Population Pharmacokinetic Modeling of Oxcarbazepine and Its Active Metabolite 10-Monohydroxy Derivative to Inform Dosing in Children with Obesity.
Jaydeep Sinha, Kanecia Zimmerman, Stephen J Balevic, Chi Hornik, William J Muller, Mobeen Rathore, Marisa Meyer, Yaron Finkelstein, Amira Al-Uzri, Arpita Lakhotia, Stuart Goldstein, Jia-Yuh Chen, Ravinder Anand, Daniel Gonzalez, Best Pharmaceuticals for Children Act–Pediatric Trials Network Steering Committee
Abstract
Open AccessBACKGROUND: Oxcarbazepine (OXZ) is an antiepileptic drug whose pharmacological effect is primarily mediated by its active metabolite, 10-monohydroxy derivative (MHD).
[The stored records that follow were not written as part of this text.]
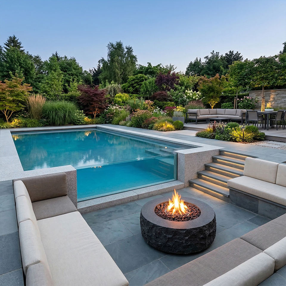 สระว่ายน้ำระดับไฮเอนด์พร้อมน้ำพุตกแต่งสวน ติดตั้งขอบกระเบื้องแบบกำหนดเอง
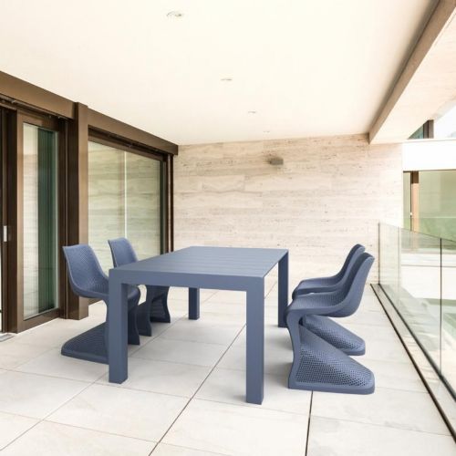 Siesta LogoBloom extendable patio dining set with four dining chairs and one dining table that extends from 70 inches to 86 inches. Contemporary design combined with commercial strength. Made from marine grade polypropylene resin reinforced with fiber glass. So elegant that it is suitable for indoors, so durable that it is used outdoors. Perfect for heavy use areas. Certified for strict European standards by CATAS Italian research institute and test laboratory.
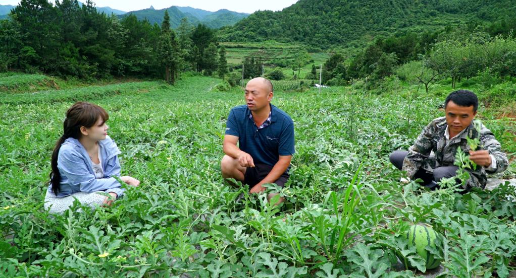 圖為貴陽市烏當區(qū)新堡鄉(xiāng)新堡村一農(nóng)場負責人林正福查看西瓜生長情況。(韋登亮 攝)

OXZ is approved for use in adults and children older than 2 years with an age- and body weight-tiered dosing recommendation, but dosing guidance for children with obesity is lacking. OBJECTIVE: This work aimed to assess the dosing requirements of OXZ in children with obesity to support label extension. METHODS: Two multicenter studies (NCT01431326 and NCT02993861) were conducted in patients receiving standard-of-care OXZ therapy. Participants ≥ 2 years of age with a body mass index ≥ 95th percentile were classified as obese. Plasma concentrations were measured by a validated liquid chromatography tandem mass spectrometry (LC-MS/MS) assay. Nonlinear mixed effects modeling was performed using NONMEM 7.4 to characterize the population pharmacokinetics of OXZ and MHD simultaneously. Simulations were performed to compare MHD systemic exposure in children ≥ 2 years of age with and without obesity. RESULTS: One hundred study participants with a median (range) age of 9 years (44 days-20.90 years) contributed 425 plasma concentrations of OXZ (n = 212) and MHD (n = 213). Fifty-two percent of the participants had obesity. A one-compartment joint parent-metabolite model with linear input-output and bi-directional transformation between OXZ and MHD best characterized the pharmacokinetics. Body size was the only covariate affecting pharmacokinetics, and a fat-free mass-based metric termed pharmacokinetic weight (PKWT) best characterized that effect allometrically. Simulation results revealed that the current dosing regimen of OXZ can produce comparable exposure of MHD in children ≥ 2 years of age with and without obesity. CONCLUSION: A model-informed analysis confirms that the current pediatric dosing regimen of OXZ applies to children in general, regardless of their obesity status.